Just like other traditionally made alloy systems, AM alloys are complex and require precise metallurgical control to meet engineering expectations against a variety of failure mechanisms. There are dozens if not hundreds of inputs into processing AM parts that must be well understood, in addition to the process, structure, property and performance relationship. Slight changes in parameters or feedstock could have huge implications into the microstructure and ultimately part performance. Do you really know how sensitive your process is?
An aspect often overlooked when considering the implementation of AM hardware in space systems is the need for seamless integration of AM parts into a complex system.
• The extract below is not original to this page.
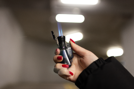 Dzięki płynnej regulacji użytkownik ma pełną kontrolę nad intensywnością płomienia – od bardziej precyzyjnego grzania po maksymalną moc. Intuicyjna obsługa sprawia, że zapalniczka dobrze sprawdza się zarówno dla początkujących, jak i bardziej wymagających użytkowników.

Once again, this is not special for space; just like any other AM parts used in other sectors, an AM space part cannot function by itself unless its properly integrated into the system.
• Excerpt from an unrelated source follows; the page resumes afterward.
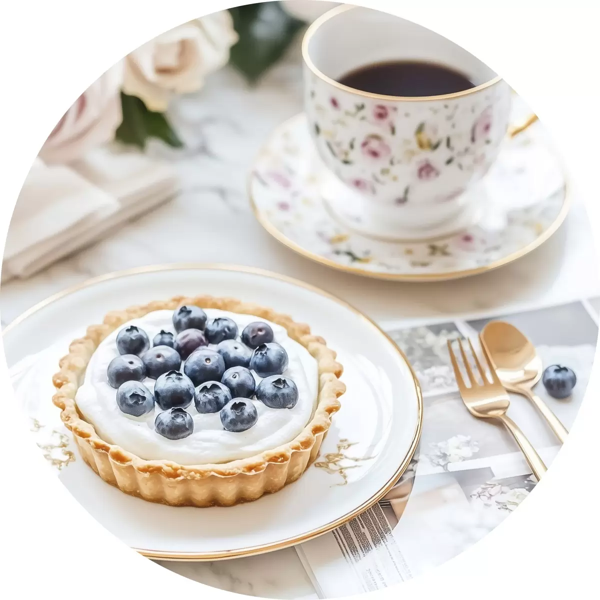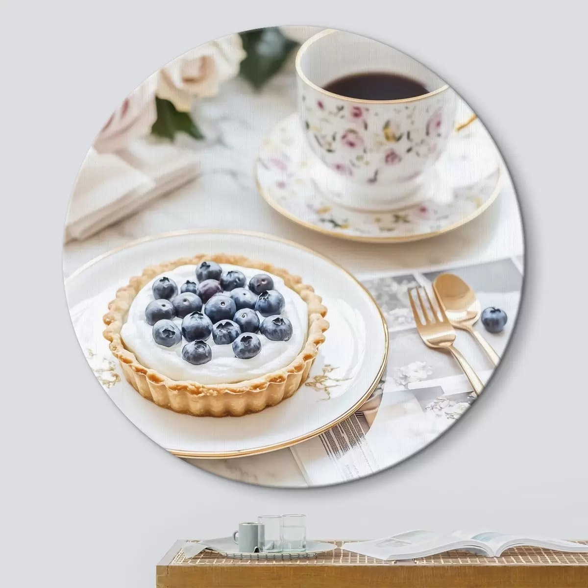 Pilt Mustikakook tassikese teega, boho stiilis, roosad roosid roosid Nr r43066

What helps the players in the space sector is many decades of experience; the fact that proper governing design and safety standards and requirements are clearly presented and appropriately cited in the programs. These “Rule Books” are essential to provide the necessary controls for the safe implementation of rapidly evolving technologies like AM. This ensures that everyone is on the same page for the expectations of deliverable products and performance standard.
An Example of Lessons Learned from a Rocket Chamber Failure
Qualification is often misunderstood as a late-stage aspect of the development process, occurring long after the thousands of hours of design, analysis and testing have been completed. We try to summarize the extensive work done at NASA into a few brief paragraphs in order to justify our qualification criteria: stating that we have tested X and are confident that we have addressed various observed failure modes. But what if we approached qualification and certification proactively earlier in the process and more systemically? What if we collected the right set of data along the way to allow for data-driven decisions?
Recently, NASA discussed a developmental AM rocket engine combustion chamber failure and lessons learned from this occurrence. While the project met initial goals to test an AM chamber in 51 starts, a second chamber built as part of the same AM build failed on the ninth start at the location of a witness line. So here’s a question: Should engineers put some scrutiny and test potential build interruption’s impacts on material quality as part of the developmental learning process, or do wait until an issue arises to reactively evaluate them?
Top: Long Life Additive Manufacturing Assembly (LLAMA) test for the LPBF chamber. Bottom: The moment of failure. Photo Credits: NASA
Upon investigation, it was determined that the separation of the chamber was due to high concentration of porosity in the areas where build interruption lines are formed. The cause of detrimental flaws seen in and around the build interruption line, which resulted in reduced mechanical properties in the local area, may have been caused by degradation of laser optics and other process escapes. This incident clearly demonstrates the sensitive nature of the overall AM process. Do we only rely on the “one-and-done” calibration of the AM machine to determine if it has drifted or consider what other process controls are in place? Or even better, do we become proactive in identifying and mitigating these potential process escapes by means of doing process failure mode and effects analysis (PFMEA) or similar exercises?
The failed chamber side by side with the earlier chamber tested 51 times, and an untested chamber. Photo Credit: NASA
By thoroughly examining build interruption lines observed during the process development phase, having a nice trail of feedstock information, performing relevant environment material characterization and mechanical testing, the team could have identified potential issues and areas of improvement in AM that will provide a good path for qualification. Importantly, had the process escape definition been completed earlier, which would include exercises such as mapping process parameter sensitivities to understand how potential drifts can affect microstructure and properties, the users would have learned more about the potential AM risks. These material evaluations and characterization can be done concurrently with the part design-fail-fix cycle while maturing the overall Technology Readiness Level (TRL).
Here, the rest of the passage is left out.